A year later, Candice showed up. She’s successful, brilliant, a genius business woman, the kindest person and a free spirit. If it were a man, I wouldn’t have waited a minute to let him in. So, I pushed her away only as long as I could stand it.
She’s the best thing that ever happened to my life. She’s taught me so much about life in the shortest amount of time. My spirituality is refined by the lessons I’m learning.
Now, I’m coding websites for her and helping her increase her 20 year art empire.
It’s been a journey and its not over yet. Who knows what the next season will bring. I am not one to worry too much about that.
I guess that’s been the beauty in my life. I have allowed myself to go through many seasons. Much like a butterfly. I have changed. I have transformed and I have given myself the freedom to do so.
Many people are so worried about what other people will think of them, so they don’t ever follow their hearts.
What I have learned is that not one time did someone’s comments, “She’s crazy” make me crazy. Not one time did the “She’s not going to make it.”, cause me to fail. The “She’s not grounded in anything.” take me down. People’s opinions throughout my life have been so very empty.
I refuse to let other’s define me. That has been my strength.
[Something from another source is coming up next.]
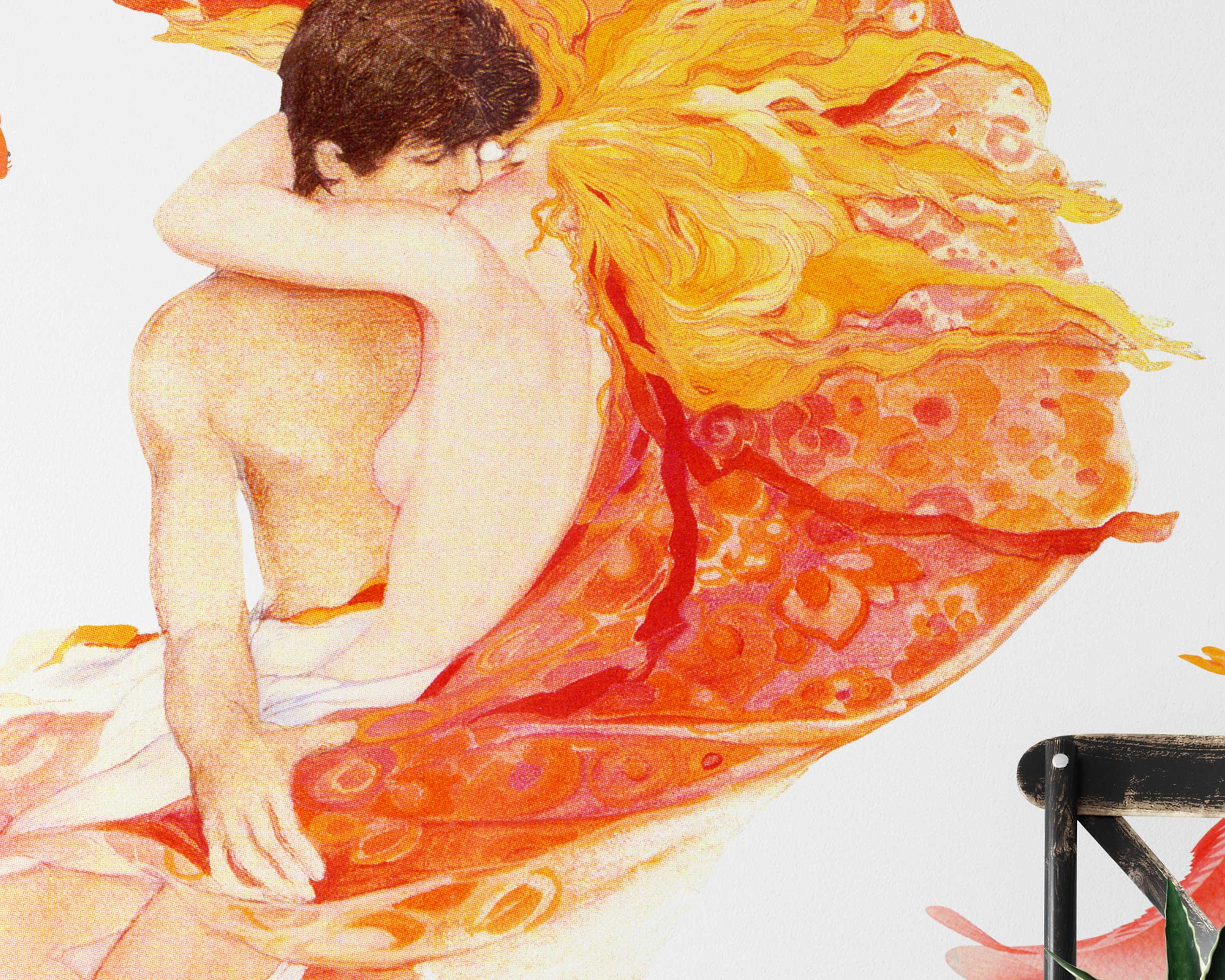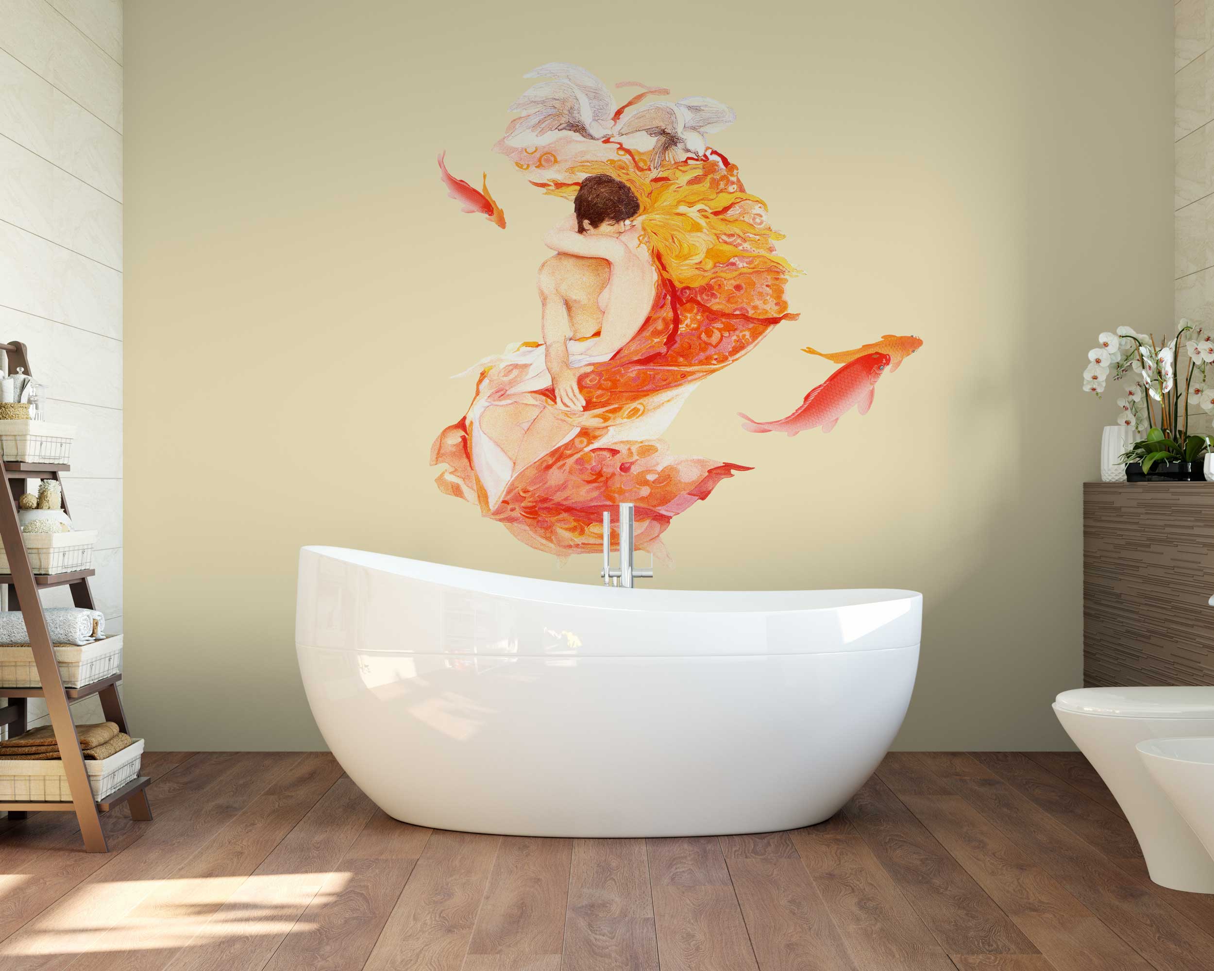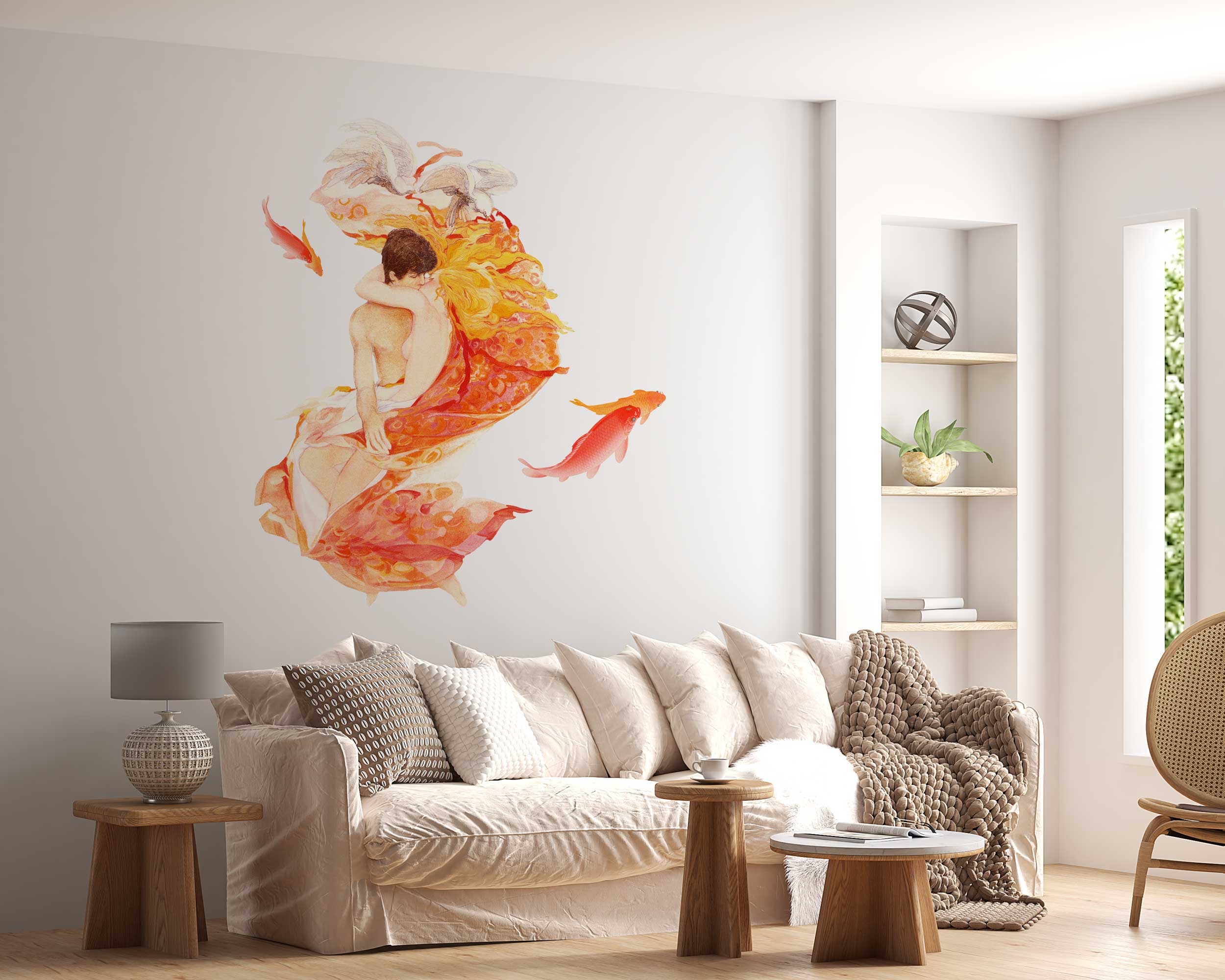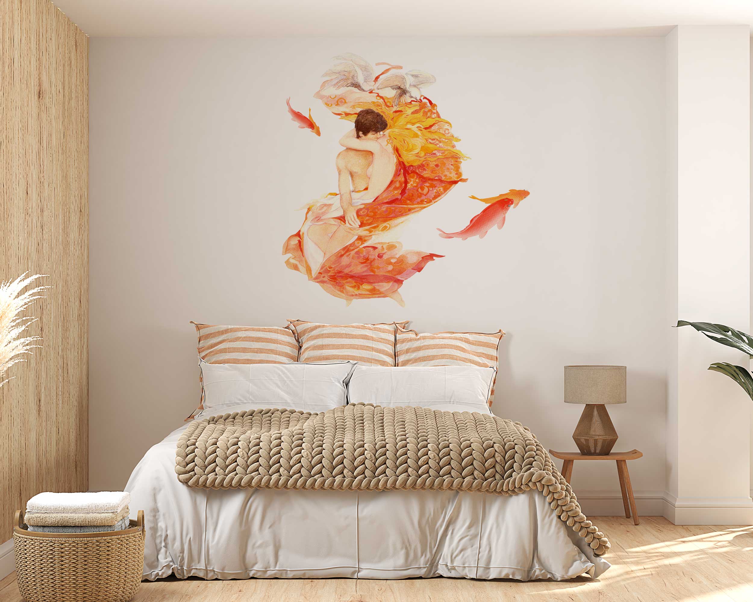 Create a dreamy and romantic atmosphere with this Romantic Couple Kissing Wall Sticker. Featuring an artistic design of an embracing couple surrounded by flowing fabric and koi fish, this decal brings a touch of passion and elegance to any space. The watercolor-inspired design blends beautifully with various decor styles, making it a perfect addition to bedrooms, living rooms, or creative spaces.
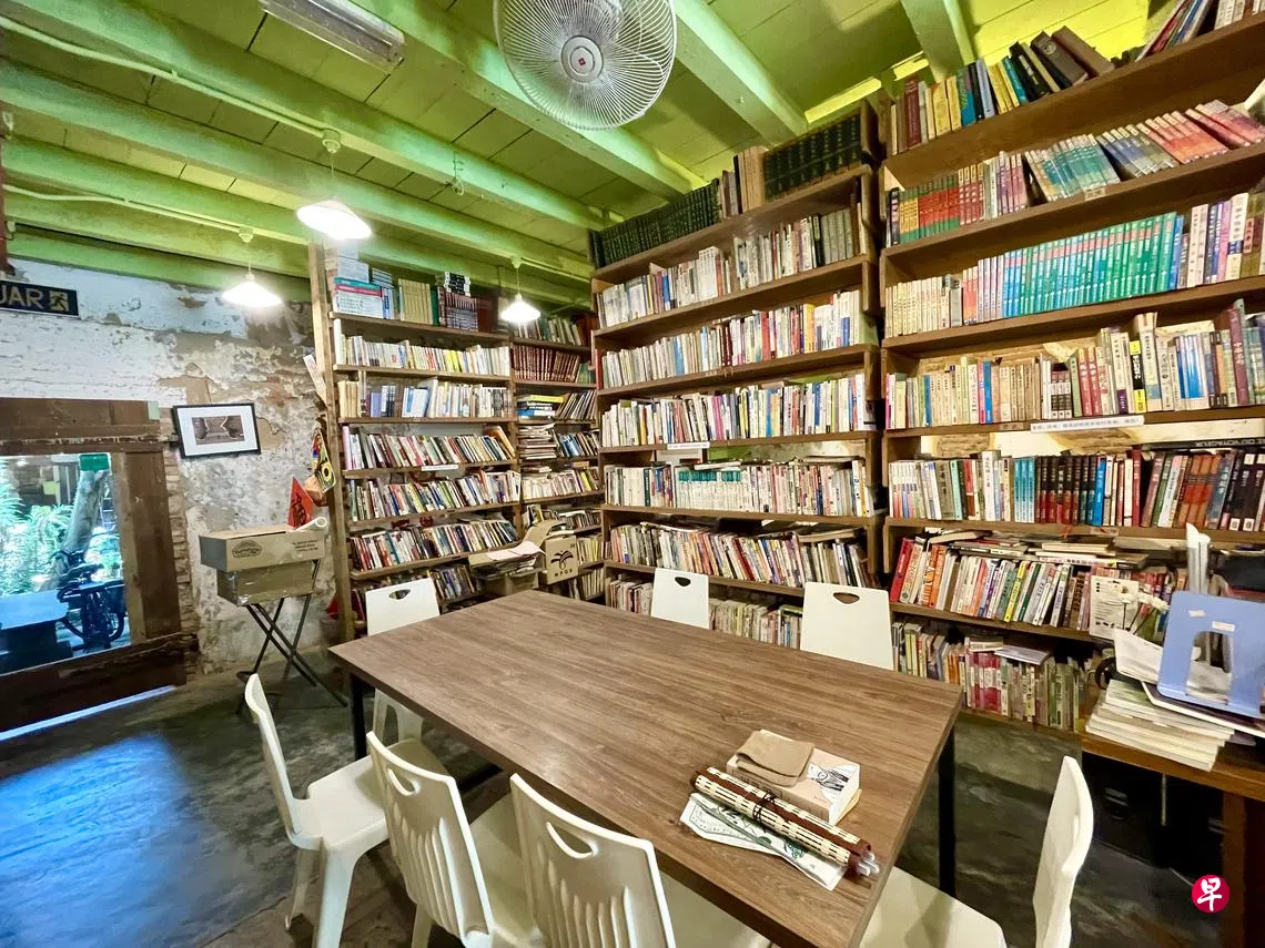 坐落在鸡场街外约1公里的大屋子,是马六甲有名的二手书店,也是独此一家,创立于2013年,书店主体是一座两层老建筑,据说有百年历史。老建筑一楼是书店前台、阅读休闲区,可以边阅读边品尝这边的茶点咖啡;老建筑后面是一间有书、美术作品,还有天井的平房;右边则是由石椅石桌、石头小径、花草、竹林围成的一块小小庭院。

I am undefinable. I will always be. I have chosen freedom. That’s my way. That’s my identity. As long as I am healthy, my kids are stable, happy and responsible and my life is full of passion, I am making the right choices.
You want a formula for life. You want security in knowing that it will all play out a certain way. You need that certainty. Word of advice: ABANDON THAT DESPERATION.
That’s not freedom. The formula for me is following the wind. Letting it take me to new heights.
It’s all working the way it should. “All things work together for the good of those who love the Lord and are called according to His purposes.” Romans 8:28 (hopefully that’s the right reference. That just came rolling out) I
guess that belief is what makes life so fun. I’ll always respect my mother for teaching me that life is an adventure.
So, if I had one piece of advice it would be:
Go through your seasons boldly. Don’t worry about what anyone has to say about them. Every experience you have makes you unique and beautiful. Though others may not understand you at the moment, eventually you will find your tribe. In the end, all of it will make sense. Just keep being true to who you are, not what others think you should be.